Media access control in wireless sensor networks must be small, efficient, and energy conscious. This presentation presented the findings of a paper from Berkley, "Versatile Low Power Media Access for Wireless Sensor Networks," where the authors present just such a MAC implementation called, BMAC. The presentation was delivered to a graduate students at Johns Hopkins University enrolled in Embedded Systems and Wireless Sensor Networks.
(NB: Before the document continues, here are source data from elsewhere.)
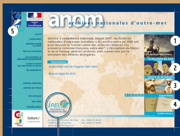
Irel : instruments de recherche en ligne

>> Au centre de la page d'accueil , un espace est réservé aux actualités et informations du centre d'archives et vous y trouverez notamment les annonces de mises en ligne de documents numérisés. À droite, plusieurs rubriques : 1 le document du mois présente un événement, un lieu ou un personnage de façon illustrée et documentée ; 2 la galerie de documents propose une sélection d'images ainsi que les documents du mois archivés ; 3 les expositions renvoient vers des expositions en ligne de très grande qualité et réalisées, pour tout ou en partie, par le centre d'archives ; 4 les publications présentent la librairie de guides, beaux-livres, cartes postales et CD-Roms. 5 Le bandeau de gauche est le menu principal du site et donne accès à une présentation du service d'archives et à des informations pratiques pour effectuer des recherches au centre. Aussi, si vous êtes particulièrement intéressé(e) par les recherches outre-mer, nous vous invitons à consulter régulièrement cette page d'accueil ■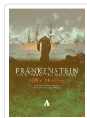
FRANKENSTEIN (TAPA DURA) MARY SHELLEY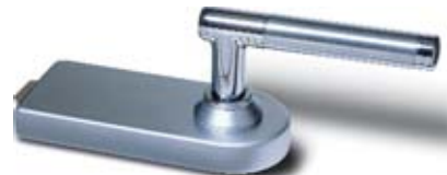
SET 8 • Schloss und Bänder, Messing matt verchromt mit Türdrücker Messing poliert verchromt/Messing satiniert verchromt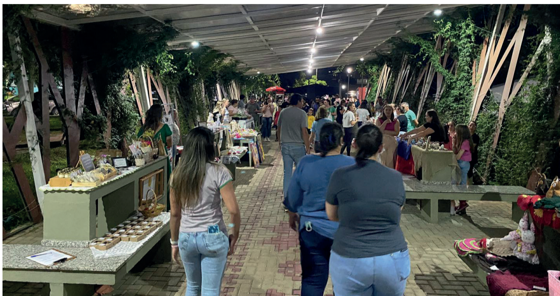
Objetivo é incentivar artesãos, pequenos produtores e o comércio local, sem nenhum custo

da de artesanatos típicos, pães especiais, além de diversão para as crianças, como pintura facial e cama elástica. A programação teve início às 18h, com encerramento às 22h, realizada na Rua Coberta, ao lado da biblioteca Municipal.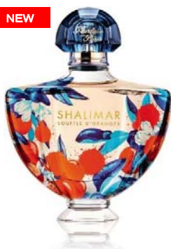
スフドラージュ 50mL 12,600円(税抜)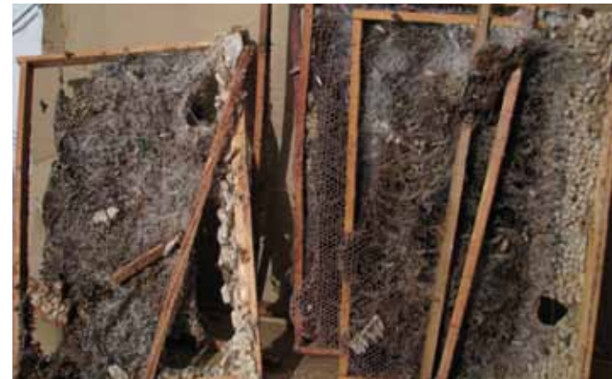
Kärjekoi poolt hävitatud kärjed

Röövikustaadiumile järgneb nukustaadium. Nukud on heledad kookonid ning paigutunud raami ja taru puiduosadele ja kohati ka “sööbinud” poolenisti puidu sisse. Nukke võib näha ka lamavtarus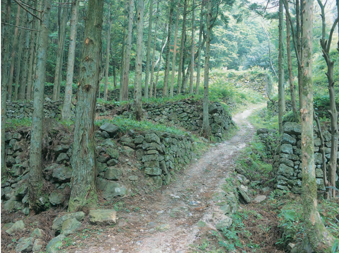
銀山柵内 銀山柵内に残る平坦地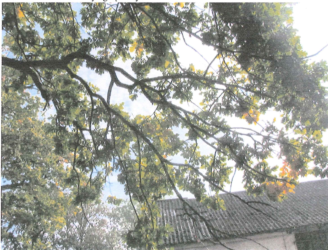
Fot. 1e. Posusz konarowy i gałęziowy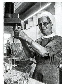
Klosterladen Leiden Christi S. 70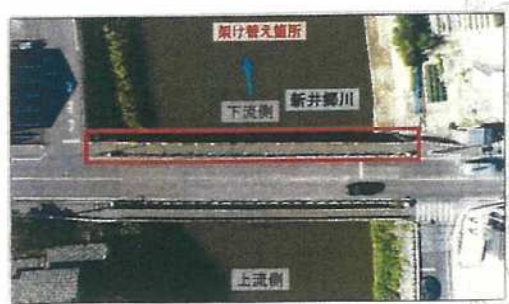
【現状状況 (上空より)】

1. Versatile Low Power Media Access
for Wireless Sensor Networks
Presented by: Michael Rushanan
Disclaimer: All figures and tables were shameless taken from
Joseph Polastre et al.’s work, “Versatile Low Power Media
Access for Wireless Sensor Networks. They are not my own.

2. Background
• Media access control – part of layer 2.
Provides addressing and channel access
control mechanisms such that multiple
devices can communicate on a shared
medium (e.g., Ethernet).
• Carrier sense media access – transmitter
uses feedback from receiver to detect
the presence of a carrier wave prior to
transmission.
• Duty cycle - % time spent in active state
as a fraction of total time. D = pulse
duration/period.

3. Discussion
• Why is the duty cycle important in wireless sensor networks?
• In the context of this paper, assuming we have all read it,
what is meant by versatility and low power?

4. Versatile, Low Power?
• Wireless sensor network deployments need to reliably report
data while consuming the least amount of power possible.
– If you consume too much power, than the data might never make it in
a multihop network. Vital sensing of the physical environment might
never happen.

5. Versatile, Low Power?
• Mainwaring et al. show that MAC mechanisms must support
duty cycles of 1% while efficiently transferring workloads and
adapting to changing network conditions.
– These are ad-hoc networks, where nodes come and go. Conditions are
going to physically change (e.g., Rain) thus affecting the topology of
the network. Network links are unpredictable.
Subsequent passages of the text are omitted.